> About this exercise:
The whole listing that follows is to be restated word for word, images excluded.

> Stored data:
──────
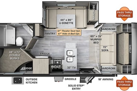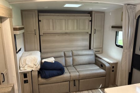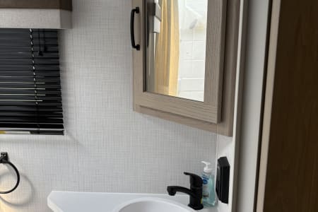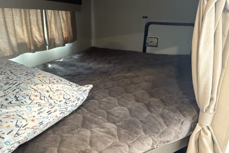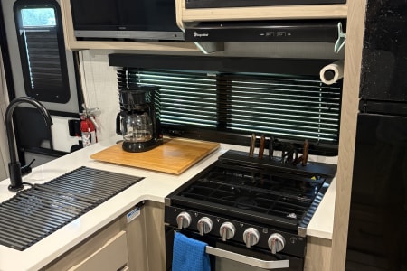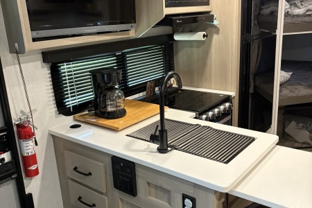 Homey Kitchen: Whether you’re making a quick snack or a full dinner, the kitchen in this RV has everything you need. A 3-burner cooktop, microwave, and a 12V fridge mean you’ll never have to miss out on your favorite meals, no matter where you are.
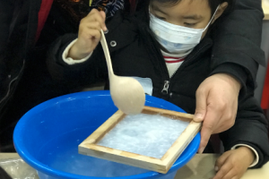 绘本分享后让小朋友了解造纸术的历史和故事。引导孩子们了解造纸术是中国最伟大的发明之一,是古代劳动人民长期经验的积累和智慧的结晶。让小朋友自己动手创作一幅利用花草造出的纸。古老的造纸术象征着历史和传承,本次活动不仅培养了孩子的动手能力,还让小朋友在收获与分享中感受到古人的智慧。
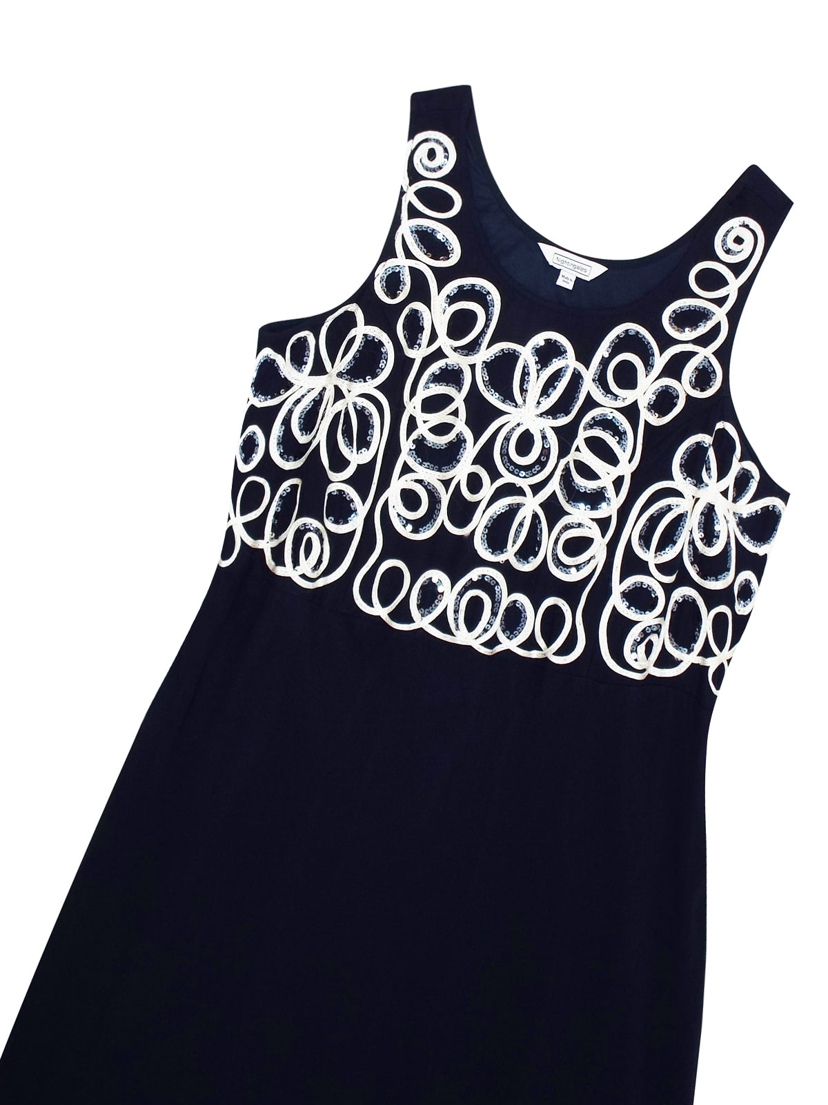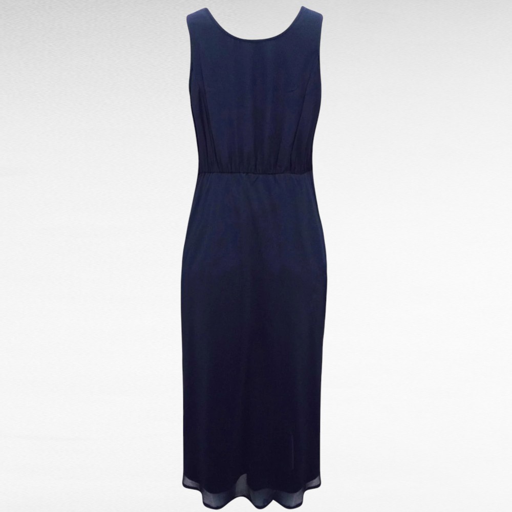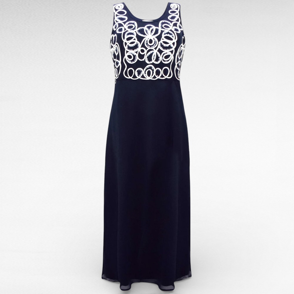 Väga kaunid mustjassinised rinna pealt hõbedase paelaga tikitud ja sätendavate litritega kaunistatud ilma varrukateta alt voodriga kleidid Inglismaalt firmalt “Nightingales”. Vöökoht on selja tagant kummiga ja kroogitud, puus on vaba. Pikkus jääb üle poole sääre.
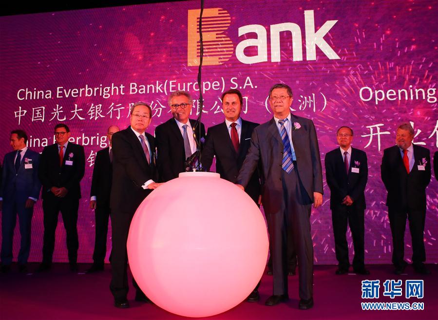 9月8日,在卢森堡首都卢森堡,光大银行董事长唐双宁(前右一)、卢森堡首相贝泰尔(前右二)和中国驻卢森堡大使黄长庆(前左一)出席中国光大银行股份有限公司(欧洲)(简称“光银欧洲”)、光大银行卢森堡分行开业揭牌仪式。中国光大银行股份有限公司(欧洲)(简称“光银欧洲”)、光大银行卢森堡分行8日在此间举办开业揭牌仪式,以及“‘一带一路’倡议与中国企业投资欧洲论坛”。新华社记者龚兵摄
──────
> Response for this exercise:
 Homey Kitchen: Whether you’re making a quick snack or a full dinner, the kitchen in this RV has everything you need. A 3-burner cooktop, microwave, and a 12V fridge mean you’ll never have to miss out on your favorite meals, no matter where you are.
 绘本分享后让小朋友了解造纸术的历史和故事。引导孩子们了解造纸术是中国最伟大的发明之一,是古代劳动人民长期经验的积累和智慧的结晶。让小朋友自己动手创作一幅利用花草造出的纸。古老的造纸术象征着历史和传承,本次活动不仅培养了孩子的动手能力,还让小朋友在收获与分享中感受到古人的智慧。
 Väga kaunid mustjassinised rinna pealt hõbedase paelaga tikitud ja sätendavate litritega kaunistatud ilma varrukateta alt voodriga kleidid Inglismaalt firmalt “Nightingales”. Vöökoht on selja tagant kummiga ja kroogitud, puus on vaba. Pikkus jääb üle poole sääre.
 9月8日,在卢森堡首都卢森堡,光大银行董事长唐双宁(前右一)、卢森堡首相贝泰尔(前右二)和中国驻卢森堡大使黄长庆(前左一)出席中国光大银行股份有限公司(欧洲)(简称“光银欧洲”)、光大银行卢森堡分行开业揭牌仪式。中国光大银行股份有限公司(欧洲)(简称“光银欧洲”)、光大银行卢森堡分行8日在此间举办开业揭牌仪式,以及“‘一带一路’倡议与中国企业投资欧洲论坛”。新华社记者龚兵摄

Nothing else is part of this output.